Claro que o compadre pode defender as suas opções mas o que me interessa a mim, e neste post em particular, é esclarecer alguém que não é nativo do português e está tentando aprender esta língua. Portanto, a meu ver, o importante é tentar clarificar e não confundir. 
As observações que fiz no meu post anterior estão correctas à luz do português moderno e actual e acho que é isso que interessa.

Cumprimentos angolanos.


----------



## Porteño

I have just come across a different use of fê-lo in a BR-PT legal document I am endeavouring to translate into BE:

_'Fê-lo en art. 128'_

In this case it would seem to mean 'See Art. 128) Any comments?


----------



## Carfer

Porteño said:


> I have just come across a different use of fê-lo in a BR-PT legal document I am endeavouring to translate into BE:
> 
> _'Fê-lo en art. 128'_
> 
> In this case it would seem to mean 'See Art. 128) Any comments?

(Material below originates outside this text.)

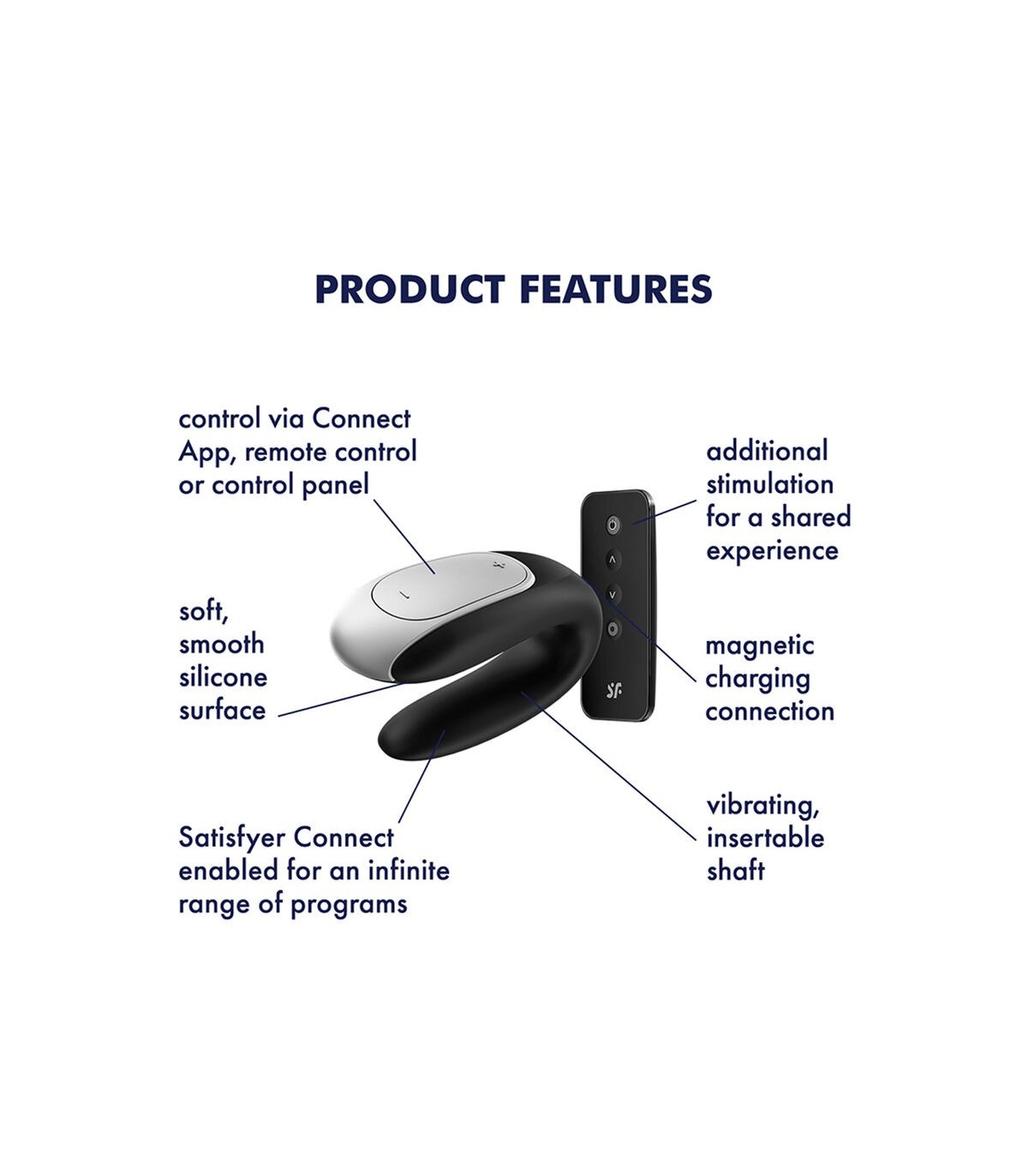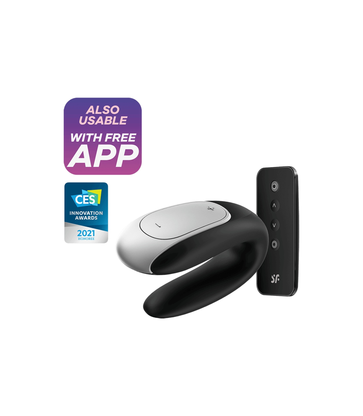 También cuenta con un control intuitivo: Los diferentes programas de vibración se pueden controlar mediante los botones de control del propio vibrador para parejas, con el control remoto inalámbrico incluido o a través de la aplicación Satisfyer Connect. A través de la aplicación podrás descubrir todavía más posibilidades de mejorar el juego sexual: Tienes la posibilidad, entre otras cosas, de crear tus propios programas de vibración, asumir el control del Satisfyer de tu pareja o conectar la cuenta a Spotify: ¡hay tanto por descubrir! La aplicación es gratuita y está disponible para Android, iOS y Apple Watch.

Tem a certeza de que fez correctamente a transcrição ou de que é isso que lá está escrito, Porteño? Não faz nenhum sentido, além de que '_en'_ não é português. Se fosse 'Selo _art.º 128º' _ainda vá, entendia-se, mas assim...


----------



## Porteño

Carfer said:


> Tem a certeza de que fez correctamente a transcrição ou de que é isso que lá está escrito, Porteño? Não faz nenhum sentido, além de que '_en'_ não é português. Se fosse 'Selo _art.º 128º' _ainda vá, entendia-se, mas assim...




O 'en' foi um_ typo_ meu, devería haver sido 'Fê-lo *no* Art. 128)


----------



## Vanda

Então é o contexto, Porteño. Algo já citado (foi dito) no artigo 128.


----------



## Carfer

Em todo o caso, o resto da frase ou do parágrafo ajudaria a entender o sentido e a traduzi-lo, tanto mais que as possibilidades de tradução de _'fazer_' para inglês são mais que muitas e, num contexto especificamente jurídico, o sentido até pode ser outro.


----------



## Porteño

Carfer said:


> Em todo o caso, o resto da frase ou do parágrafo ajudaria a entender o sentido e a traduzi-lo, tanto mais que as possibilidades de tradução de _'fazer_' para inglês são mais que muitas e, num contexto especificamente jurídico, o sentido até pode ser outro.



Obviamente. A minha interpretação cabe perfeitamente com o que segue no texto que diz: "The judge shall decide ......


----------